* **Work instructions**
Leave the pictures out and repeat the rest of the data below exactly.
-- Available data follows --
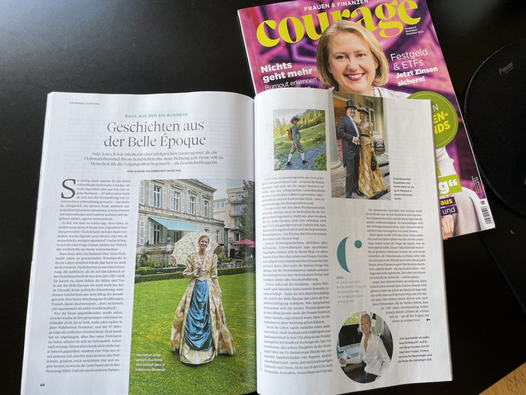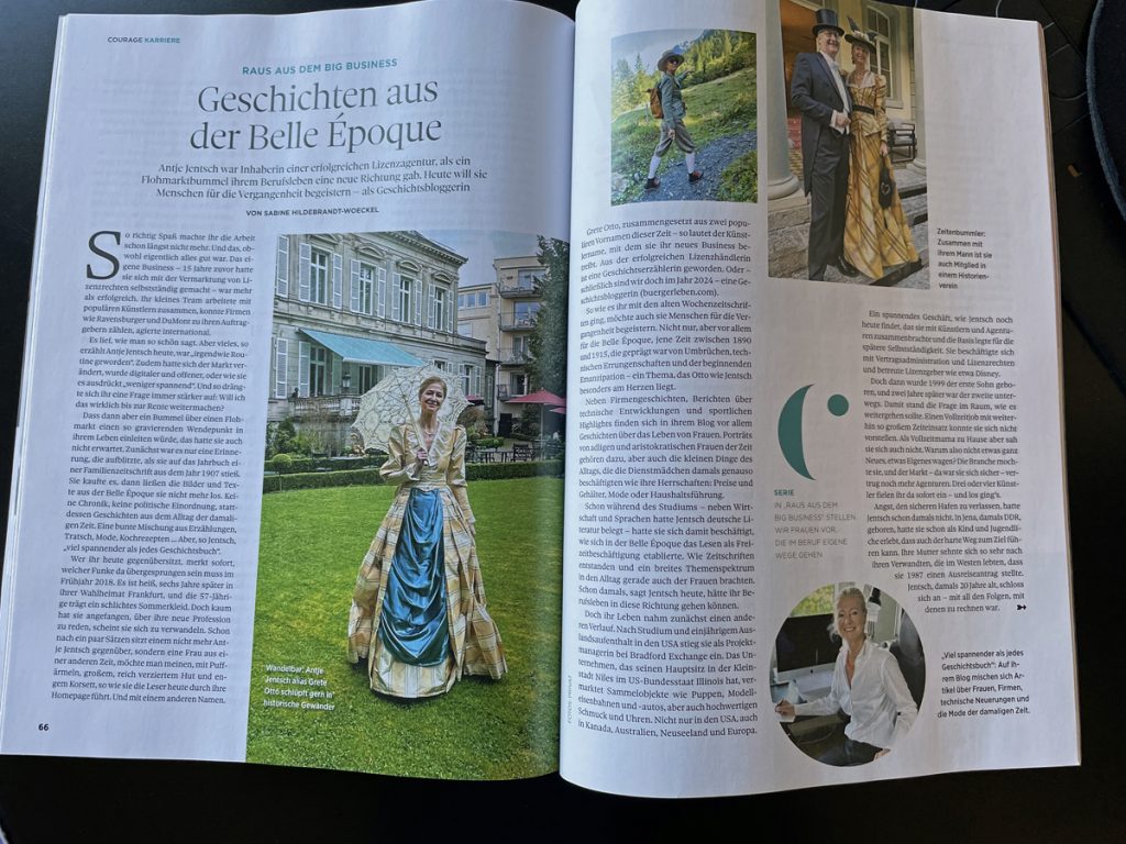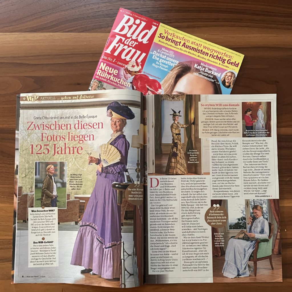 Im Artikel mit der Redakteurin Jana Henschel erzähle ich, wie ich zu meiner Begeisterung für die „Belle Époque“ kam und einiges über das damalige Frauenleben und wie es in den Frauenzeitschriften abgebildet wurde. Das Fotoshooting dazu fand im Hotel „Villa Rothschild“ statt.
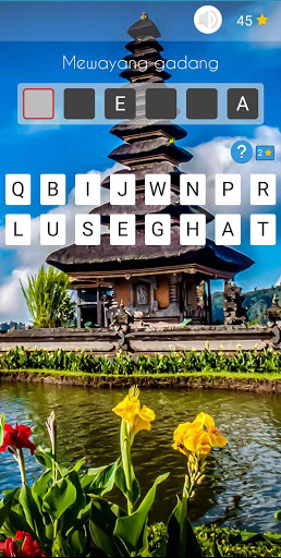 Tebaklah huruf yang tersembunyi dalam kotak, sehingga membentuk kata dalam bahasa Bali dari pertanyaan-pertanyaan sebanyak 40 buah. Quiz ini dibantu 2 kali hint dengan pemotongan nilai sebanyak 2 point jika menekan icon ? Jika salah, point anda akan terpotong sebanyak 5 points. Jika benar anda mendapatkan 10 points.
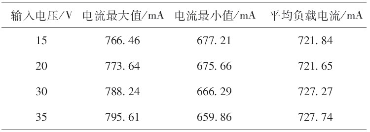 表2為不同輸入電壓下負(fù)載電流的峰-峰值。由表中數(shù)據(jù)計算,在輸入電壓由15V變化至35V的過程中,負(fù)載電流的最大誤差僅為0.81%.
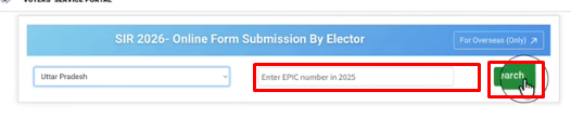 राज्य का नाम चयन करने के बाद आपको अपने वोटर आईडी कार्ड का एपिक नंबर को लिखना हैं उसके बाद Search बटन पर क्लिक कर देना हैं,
-- Available data concluded --
* **Answer space**
 Im Artikel mit der Redakteurin Jana Henschel erzähle ich, wie ich zu meiner Begeisterung für die „Belle Époque“ kam und einiges über das damalige Frauenleben und wie es in den Frauenzeitschriften abgebildet wurde. Das Fotoshooting dazu fand im Hotel „Villa Rothschild“ statt.
 Tebaklah huruf yang tersembunyi dalam kotak, sehingga membentuk kata dalam bahasa Bali dari pertanyaan-pertanyaan sebanyak 40 buah. Quiz ini dibantu 2 kali hint dengan pemotongan nilai sebanyak 2 point jika menekan icon ? Jika salah, point anda akan terpotong sebanyak 5 points. Jika benar anda mendapatkan 10 points.
 表2為不同輸入電壓下負(fù)載電流的峰-峰值。由表中數(shù)據(jù)計算,在輸入電壓由15V變化至35V的過程中,負(fù)載電流的最大誤差僅為0.81%.
 राज्य का नाम चयन करने के बाद आपको अपने वोटर आईडी कार्ड का एपिक नंबर को लिखना हैं उसके बाद Search बटन पर क्लिक कर देना हैं,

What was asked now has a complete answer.